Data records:
────────
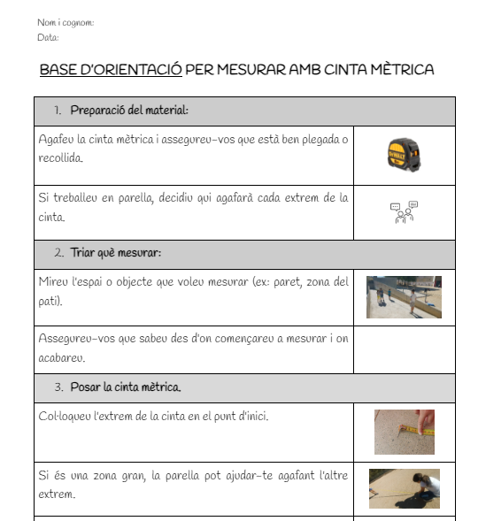 Estem elaborant una base d’orientació per mesurar amb cintes mètriques.
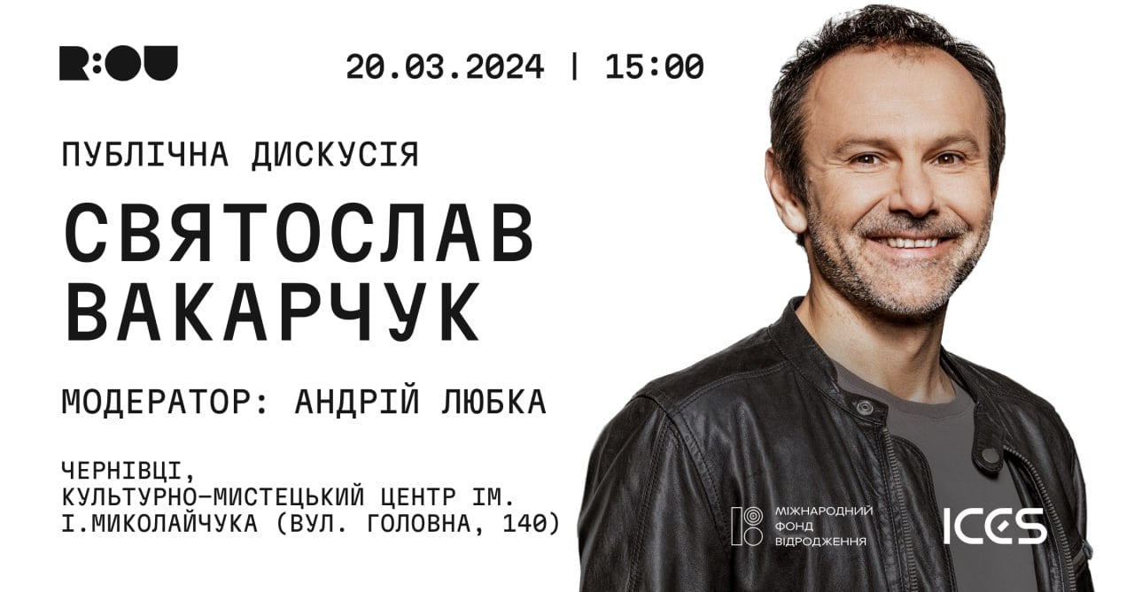 У Чернівцях 20 березня відбудеться публічна дискусія з культовим музикантом і громадським діячем Святославом Вакарчуком.
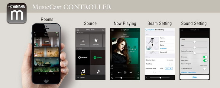 Yamaha控制單體的發聲,即可改變音束的方向與強弱,控制每個音束從牆面反射回來的方向,即可讓聲音來自多個方向,達成5.1聲道,甚至是7.1或7.1.2聲道效果。
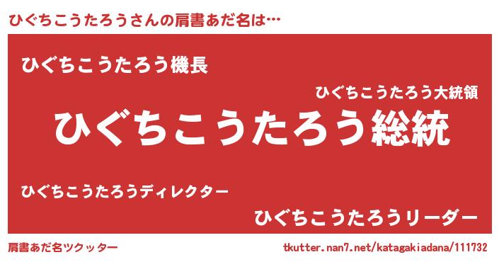 | 欧米人風あだ名 | 『ケンブリッジひぐちこうたろう』 |
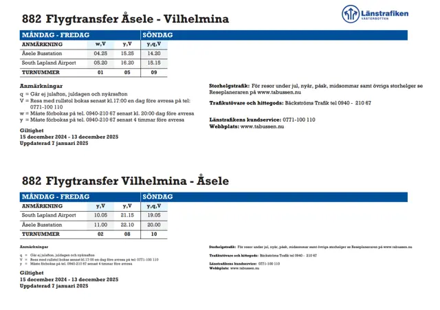 Taxiresorna måste förbeställas. Närmare information om vilka tider som gäller för taxins avgång till och ankomst från flyget lämnas av Bäckströms trafik vid beställningen.
────────
Exercise aim:
Each line above is to be repeated exactly as written; no picture is carried over.

Exercise response:
 Estem elaborant una base d’orientació per mesurar amb cintes mètriques.
 У Чернівцях 20 березня відбудеться публічна дискусія з культовим музикантом і громадським діячем Святославом Вакарчуком.
 Yamaha控制單體的發聲,即可改變音束的方向與強弱,控制每個音束從牆面反射回來的方向,即可讓聲音來自多個方向,達成5.1聲道,甚至是7.1或7.1.2聲道效果。
 | 欧米人風あだ名 | 『ケンブリッジひぐちこうたろう』 |
 Taxiresorna måste förbeställas. Närmare information om vilka tider som gäller för taxins avgång till och ankomst från flyget lämnas av Bäckströms trafik vid beställningen.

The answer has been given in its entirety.